Доктор Моррисон был похож на преподавателя обществознания в восьмом классе: лет пятидесяти, с редеющими волосами, высокий и долговязый. У него был острый взгляд. Глаза хирурга, в которых отражались богатство медицинских знаний и опыта.
Он слабо улыбнулся и протянул руку для рукопожатия.
– Джона. Рад тебя видеть. Простите, что задержал вас.
Я приподнялся на ватных ногах и пожал ему руку.
– Никаких проблем, – сказал я, разглядывая папку, зажатую у него под мышкой. В ней были анализы тканей, диагностика, анализ крови, лабораторные исследования, информация о срочной операции, длинный список иммунодепрессантов и, наконец, результаты биопсии. Их было семнадцать. Восемнадцатая была накануне. Ее результаты будут решающими.
– Тео, – кивнул доктор Моррисон. Он не протянул руку, и Тео не поднялся со своего места, только кивнул в ответ. Его нога начала отстукивать ритм быстрее. Доктор Моррисон повернулся ко мне: – Результаты вашей последней биопсии – не такие, на которые мы надеялись…
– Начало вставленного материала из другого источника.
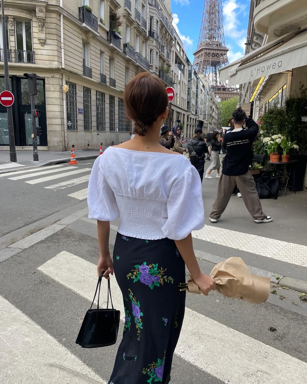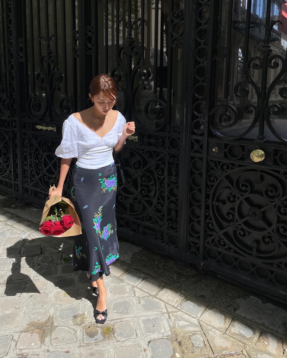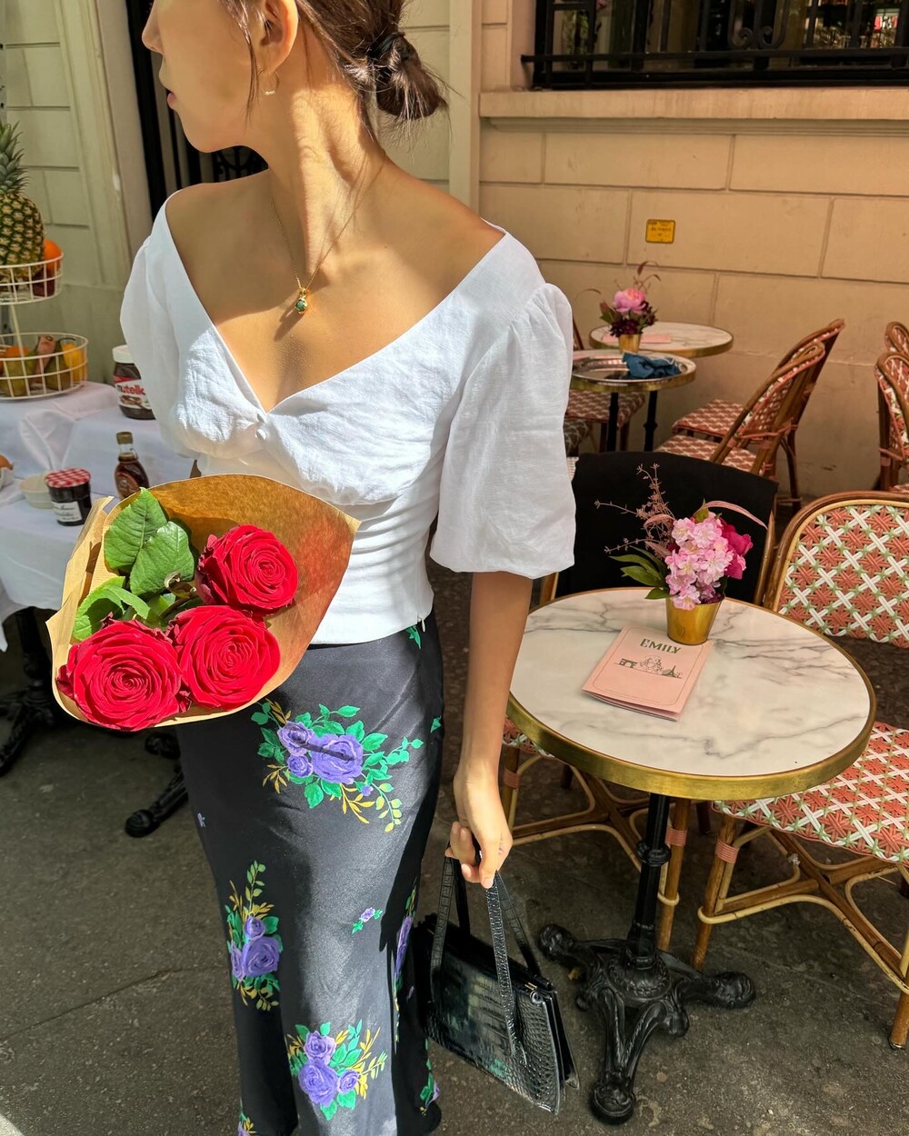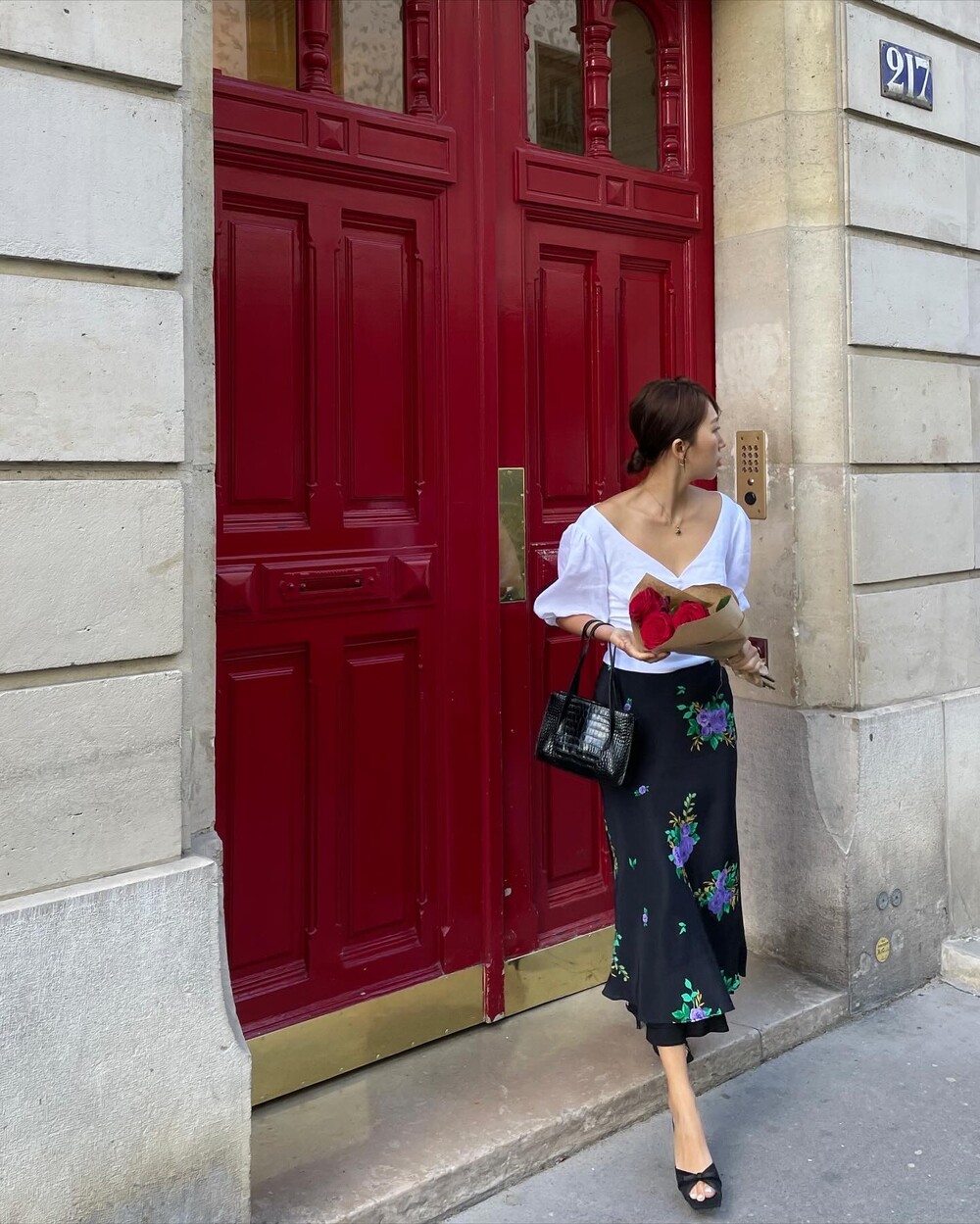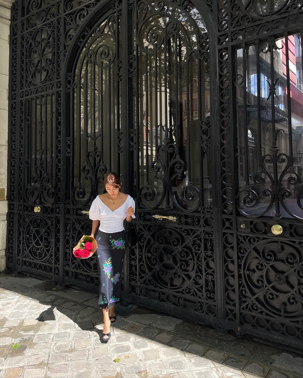 스커트 밑단에 조금 더 보여지는 쉬폰안감은 비침을 방지하는 기능 뿐 아니라 쉬어하고 페미닌한 룩으로 빌드업해줍니다.

Он заговорил, и я услышал слова, вереницу медицинских терминов, с которыми я так часто встречался за последний год, так что мне не требовался перевод для дилетантов. Такие слова, как атеросклероз, стеноз, васкулопатия сердечного аллотрансплантата и ишемия миокарда. Сплетение латыни с английским, соединенное наукой и авторитетом и собранное наконец воедино, чтобы вынести диагноз.
– Мне очень жаль, Джона, – голос доктора Моррисона был тяжелым и низким, – жаль, что у меня нет новостей получше.
Я молча кивнул. Мне придется рассказать маме.
Эта мысль глубоко проникла в меня, как кипящий яд, выжигая последнее оцепенение. Меня чуть не вырвало прямо на колени. Каким-то образом мне удалось заговорить.
– Как долго?
Доктор Моррисон сцепил пальцы:
– Учитывая быстрое развитие болезни, шесть месяцев – весьма щедрая оценка.
Я кивнул, мысленно прикидывая в уме.
Шесть месяцев.
Моя художественная инсталляция должна быть закончена для выставки в галерее в октябре, через пять месяцев.
Времени у меня в обрез.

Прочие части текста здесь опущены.